Drill Rig Caused Accident
I blog about transportation news, including major accidents, and I don’t remember hearing about a case like this in recent memory. It was all over the media yesterday that a bridge in Washington State had collapsed into a river. And now we know the cause of this accident: A semi truck, which was hauling a drill rig equipment, was crossing over the bridge when its tall load struck one of the bridge’s overhead girders, according to USA Today. That caused the bridge to collapse.
Two cars that were on the bridge, which spans the Skagit River, plunged into the water, a 50-foot fall, USA Today reported. Three people wound up being sent to the hospital, but their injuries weren’t life threatening. No one was killed, miraculously.
‘The truck got off the bridge before it fell into the river.
As its turns out, the truck’s load hit the bridge’s support girder. That was all it took to trigger the collapse. That bridge was built in 1955, and apparently a bridge constructed today would not have reacted the same way as the one in Washington, according to USA Today.
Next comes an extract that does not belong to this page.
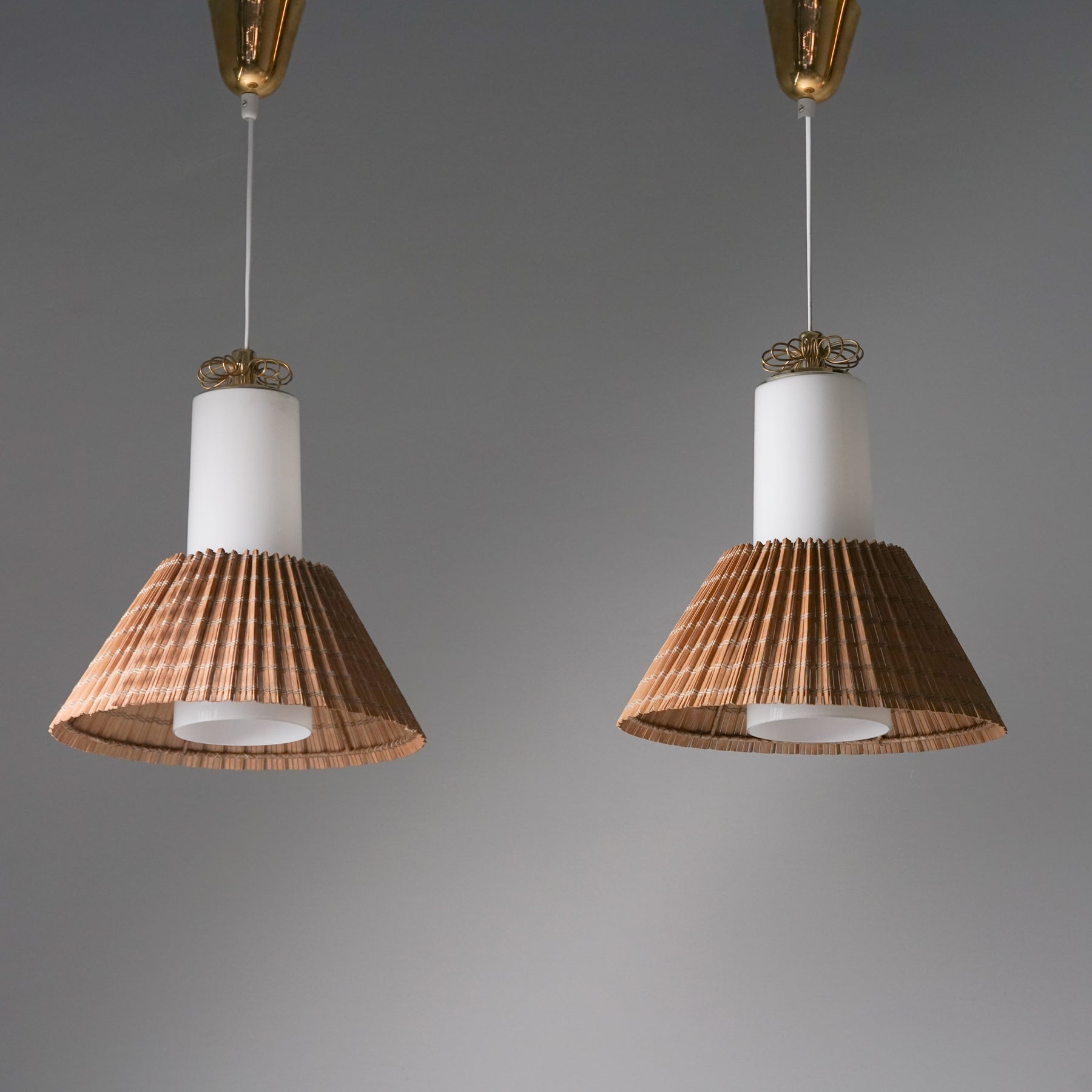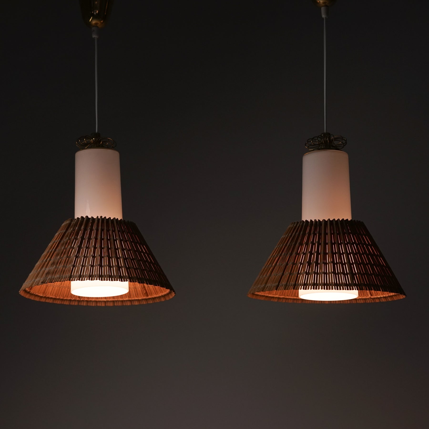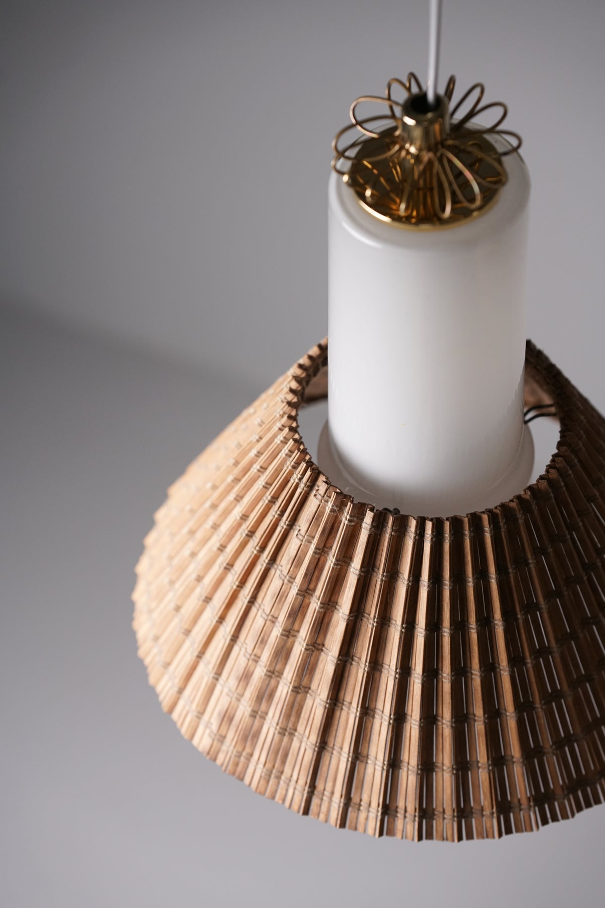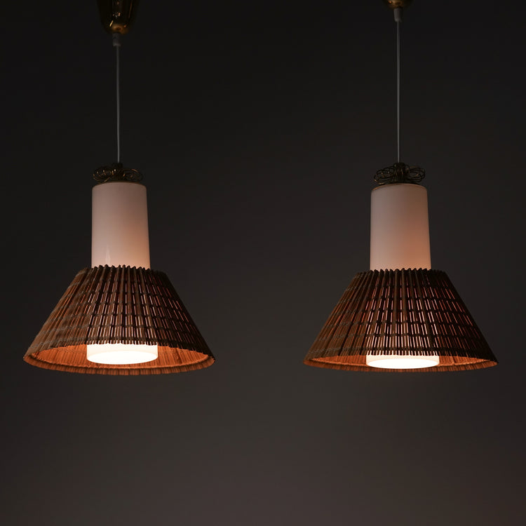 Malli K3-43 kattovalaisin (6 kpl myydään erikseen), design Paavo Tynell, valmistanut Idman, 50/60-luku. Messinkiä ja opaalilasia, puusäle varjostin. Leimattu. Säädettävä korkeus. Hyvä kunto, pientä ajan patinaa. Kattovalaisimet myydään erikseen. Ilmoitettu hinta on kappalehinta.

Modern bridges have what the newspaper called “redundant features … designed to stay intact of a single section is damaged.” The Washington bridge is described as “fracture critical,” meaning that that whole shebang can come down if just one major part “fails,” USA Today said.
The bridge is part of what you might call this nation’s aging infrastructure. It was declared “functionally obsolete” by the National Bridge Inventory, according to USA Today, and was inspected two times last year and underwent some repairs.
The National Transportation Safety Board will be on the scene investigating the accident, and it will likely be weeks before the bridge is fixed.